- _Goal of the exercise_: Copy exactly, and only, the lines from the line containing "Within this framework, firms" through the last line of the records below, both included, and leave out any pictures.

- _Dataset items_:
▼
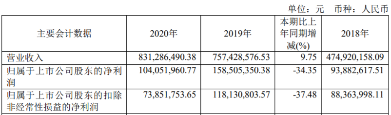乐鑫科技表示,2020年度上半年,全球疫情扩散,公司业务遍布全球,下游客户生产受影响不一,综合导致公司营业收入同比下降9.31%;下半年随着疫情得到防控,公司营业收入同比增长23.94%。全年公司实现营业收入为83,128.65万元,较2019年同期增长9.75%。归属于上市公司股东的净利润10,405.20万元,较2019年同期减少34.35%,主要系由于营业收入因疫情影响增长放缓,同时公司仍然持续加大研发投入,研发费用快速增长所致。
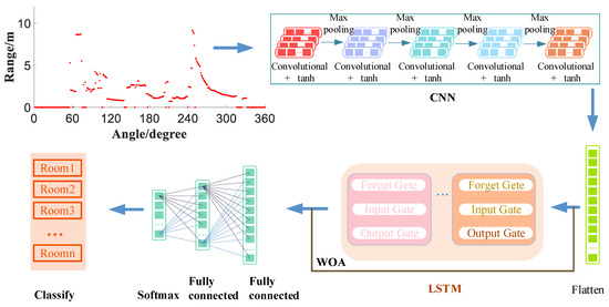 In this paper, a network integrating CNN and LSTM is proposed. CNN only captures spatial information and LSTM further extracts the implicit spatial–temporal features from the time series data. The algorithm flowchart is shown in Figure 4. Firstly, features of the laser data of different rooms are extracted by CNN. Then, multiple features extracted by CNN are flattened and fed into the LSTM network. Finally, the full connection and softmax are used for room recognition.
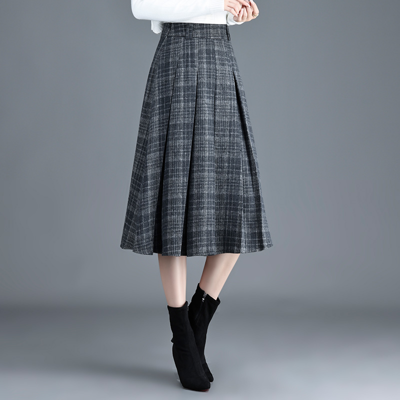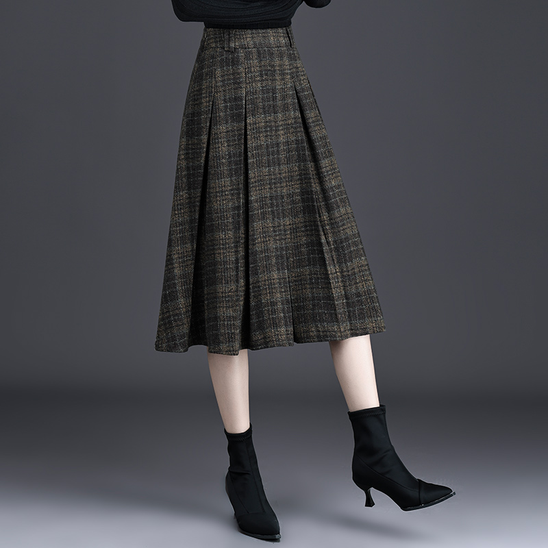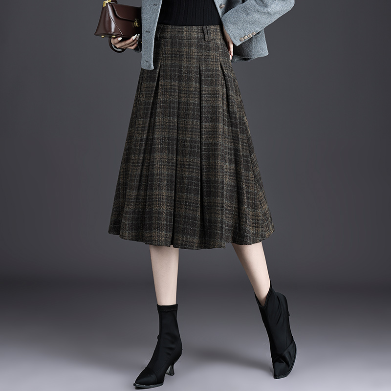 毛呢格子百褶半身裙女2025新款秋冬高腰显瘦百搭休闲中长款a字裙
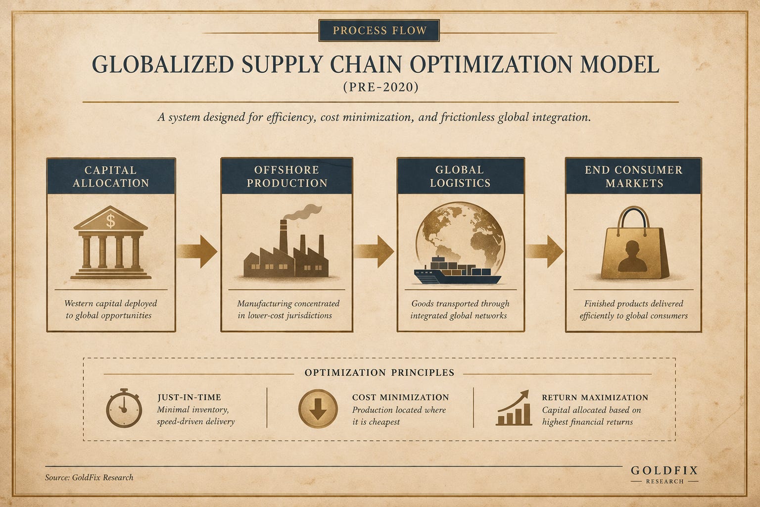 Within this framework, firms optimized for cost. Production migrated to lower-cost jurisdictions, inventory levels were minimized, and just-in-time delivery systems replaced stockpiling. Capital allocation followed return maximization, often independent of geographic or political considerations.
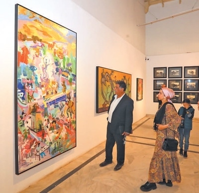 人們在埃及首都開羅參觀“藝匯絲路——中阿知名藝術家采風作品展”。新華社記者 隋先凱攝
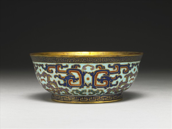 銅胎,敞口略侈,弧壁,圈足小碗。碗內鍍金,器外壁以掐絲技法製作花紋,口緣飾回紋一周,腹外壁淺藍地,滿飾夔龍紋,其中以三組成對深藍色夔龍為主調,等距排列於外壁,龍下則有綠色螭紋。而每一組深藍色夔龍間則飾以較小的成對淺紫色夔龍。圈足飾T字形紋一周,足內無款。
▲
- _Problem solution_:
 Within this framework, firms optimized for cost. Production migrated to lower-cost jurisdictions, inventory levels were minimized, and just-in-time delivery systems replaced stockpiling. Capital allocation followed return maximization, often independent of geographic or political considerations.
 人們在埃及首都開羅參觀“藝匯絲路——中阿知名藝術家采風作品展”。新華社記者 隋先凱攝
 銅胎,敞口略侈,弧壁,圈足小碗。碗內鍍金,器外壁以掐絲技法製作花紋,口緣飾回紋一周,腹外壁淺藍地,滿飾夔龍紋,其中以三組成對深藍色夔龍為主調,等距排列於外壁,龍下則有綠色螭紋。而每一組深藍色夔龍間則飾以較小的成對淺紫色夔龍。圈足飾T字形紋一周,足內無款。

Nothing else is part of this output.